The data we are exploring today comes from the Cote d'Ivoire Byte-Sized Agriculture Challenge. It is intriguing to note that even a few variables can tell a compelling story about agriculture trends in the region. In this notebook, we will clean the data, perform exploratory analysis, and even build a predictor to classify samples. If you find this analysis useful, please upvote it.

## Table of Contents

- [Data Loading](#Data-Loading)
- [Data Cleaning and Preprocessing](#Data-Cleaning-and-Preprocessing)
- [Exploratory Data Analysis](#Exploratory-Data-Analysis)
- [Prediction Model](#Prediction-Model)
- [Conclusion and Future Work](#Conclusion-and-Future-Work)

In [2]:
# Import necessary libraries and set up configurations
import numpy as np
import pandas as pd
import matplotlib
matplotlib.use('Agg')  # Use non-interactive backend for matplotlib
import matplotlib.pyplot as plt
plt.switch_backend('Agg')  # Ensure plt uses Agg if only plt is imported
import seaborn as sns
import json
import warnings

warnings.filterwarnings('ignore')

# For inline plotting in Kaggle notebooks
%matplotlib inline

from sklearn.model_selection import train_test_split
from sklearn.pipeline import Pipeline
from sklearn.preprocessing import OneHotEncoder, StandardScaler
from sklearn.compose import ColumnTransformer
from sklearn.linear_model import LogisticRegression
from sklearn.metrics import accuracy_score, confusion_matrix

# Setting a random seed for reproducibility
RANDOM_STATE = 42

In [None]:
# Data Loading
# Read the sample training dataset and manifest file
train_df = pd.read_csv('/kaggle/input/cote-divoire-byte-sized-agriculture-challenge/sample_train.csv',
                       delimiter=',', encoding='ascii')

with open('/kaggle/input/cote-divoire-byte-sized-agriculture-challenge/manifest-8b1c012925d4ea8da8a753934dfc9e0320250427-32468-3f0dl3.json', 'r') as f:
    manifest_data = json.load(f)

# Read the sample submission file for reference
submission_df = pd.read_csv('/kaggle/input/cote-divoire-byte-sized-agriculture-challenge/SampleSubmission.csv',
                            delimiter=',', encoding='ascii')

print('Data loading complete.
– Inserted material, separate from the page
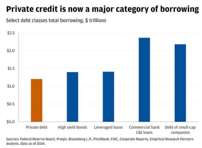 기술 기업들은 기존의 회사채 발행이나 은행 대출 같은 전통적인 방식보다는헤지펀드연기금기타 기관투자자들로부터 자금을 모아 대출해 주는 프라이빗 크레딧(private credit) 회사들을 통한 자금 조달을 선호하고 있다이들 신용 공급 구조는 채권 시장이나 은행처럼 규제받지 않기 때문에AI 거품에 문제가 생길 때 신용 시장에서 급격한 반응이 일어날 수 있다.

The sample training dataset has {} rows and {} columns.'.format(train_df.shape[0], train_df.shape[1]))
# A quick look at the first few rows (this operation may be commented out in production notebooks)
train_df.head()

In [5]:
# Data Cleaning and Preprocessing
# Let's inspect the data types and missing values
print('Data Types:')
print(train_df.dtypes)

print('\nMissing Values:')
print(train_df.isnull().sum())

# As a reminder, the columns are:
# - ID (string)
# - year (integer)
# - month (string): This implies a categorical variable, even if it might represent a date component
# - tifPath (string): a file path (unlikely to be used in prediction)
# - Target (string): a target descriptor, but note that sample submission expects an integer Target
# - class (integer): This seems to be a numerical version of the target and will be the label for classification

# For modeling, we will focus on predicting 'class' using 'year' and 'month'.
# Convert 'month' to category if not already
if train_df['month'].dtype != 'category':
    train_df['month'] = train_df['month'].astype('category')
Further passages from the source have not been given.